Лутатини, слушая разговоры о шанхаерах, искренне возмущался этой чудовищной системой несправедливости. Трудно было поверить в это, если бы он сам не был завербован на судно таким же способом.
Как-то, сидя на баке, он спросил у матросов:
— Как же власть терпит таких разбойников?
Матросы захохотали:
— Да вы, сеньор Лутатини, точно с неба свалились на землю.

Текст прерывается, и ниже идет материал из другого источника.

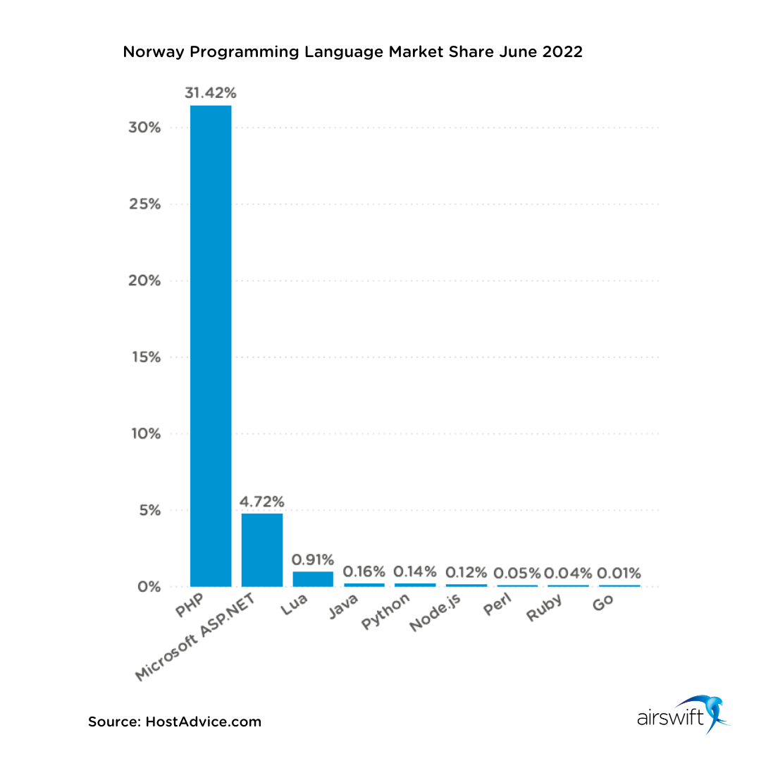 A good way to anticipate this is to look at Norway's current market share. The graphic below contains data provided by HostAdvice featuring the languages with the most clients in Norway.

— Притворяется непонимающим ребенком, долговязый черт!
— Он, божья чумичка, не знает, из кого состоит власть!
— Шанхаер — это узаконенный жулик. Запомните это навсегда, сеньор Лутатини.
Старый рулевой Гимбо, с крупным синим носом, похожим на паяльник, похлопал Лутатини по плечу и промолвил:
— Вот, дружище, как обстоит дело: обирают нашего брата и не велят «караул» кричать.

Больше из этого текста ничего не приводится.